# PROBLEM TO SOLVE
Please write out exactly the lines of the data below from the line holding "在深圳市三一联光智能设备股份" through the line holding "Dual Focal Stones", and leave out the rest.

# DATA LISTING
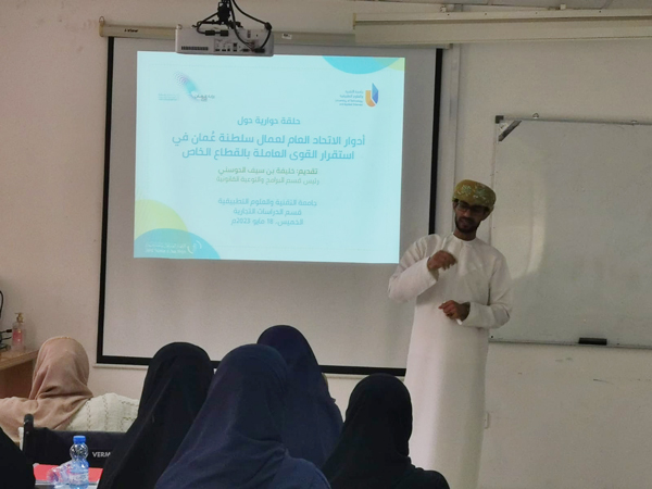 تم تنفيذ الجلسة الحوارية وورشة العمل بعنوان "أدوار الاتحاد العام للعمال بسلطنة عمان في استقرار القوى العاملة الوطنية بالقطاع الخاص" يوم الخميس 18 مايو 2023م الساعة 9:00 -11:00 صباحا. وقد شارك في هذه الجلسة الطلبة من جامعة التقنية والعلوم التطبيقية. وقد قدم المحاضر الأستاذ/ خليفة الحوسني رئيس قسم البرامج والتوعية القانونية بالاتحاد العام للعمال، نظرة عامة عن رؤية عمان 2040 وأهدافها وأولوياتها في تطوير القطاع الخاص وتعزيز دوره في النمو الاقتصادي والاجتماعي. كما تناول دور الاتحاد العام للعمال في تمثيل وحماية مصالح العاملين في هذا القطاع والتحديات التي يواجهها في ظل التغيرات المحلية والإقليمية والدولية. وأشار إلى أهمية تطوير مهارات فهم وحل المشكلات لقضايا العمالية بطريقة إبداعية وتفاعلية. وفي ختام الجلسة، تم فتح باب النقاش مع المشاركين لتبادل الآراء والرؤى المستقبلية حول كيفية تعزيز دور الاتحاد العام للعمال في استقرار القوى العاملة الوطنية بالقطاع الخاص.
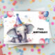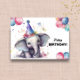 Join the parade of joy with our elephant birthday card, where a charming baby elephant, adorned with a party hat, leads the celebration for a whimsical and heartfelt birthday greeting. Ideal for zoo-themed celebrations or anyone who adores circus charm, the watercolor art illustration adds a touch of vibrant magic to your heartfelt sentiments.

* * *

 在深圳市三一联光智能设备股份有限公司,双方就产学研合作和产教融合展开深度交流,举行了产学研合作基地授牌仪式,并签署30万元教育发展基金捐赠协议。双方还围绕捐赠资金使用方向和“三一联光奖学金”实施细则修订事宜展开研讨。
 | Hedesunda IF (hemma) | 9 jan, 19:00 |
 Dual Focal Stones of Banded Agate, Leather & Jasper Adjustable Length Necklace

# WRITTEN SOLUTION
 在深圳市三一联光智能设备股份有限公司,双方就产学研合作和产教融合展开深度交流,举行了产学研合作基地授牌仪式,并签署30万元教育发展基金捐赠协议。双方还围绕捐赠资金使用方向和“三一联光奖学金”实施细则修订事宜展开研讨。
 | Hedesunda IF (hemma) | 9 jan, 19:00 |
 Dual Focal Stones of Banded Agate, Leather & Jasper Adjustable Length Necklace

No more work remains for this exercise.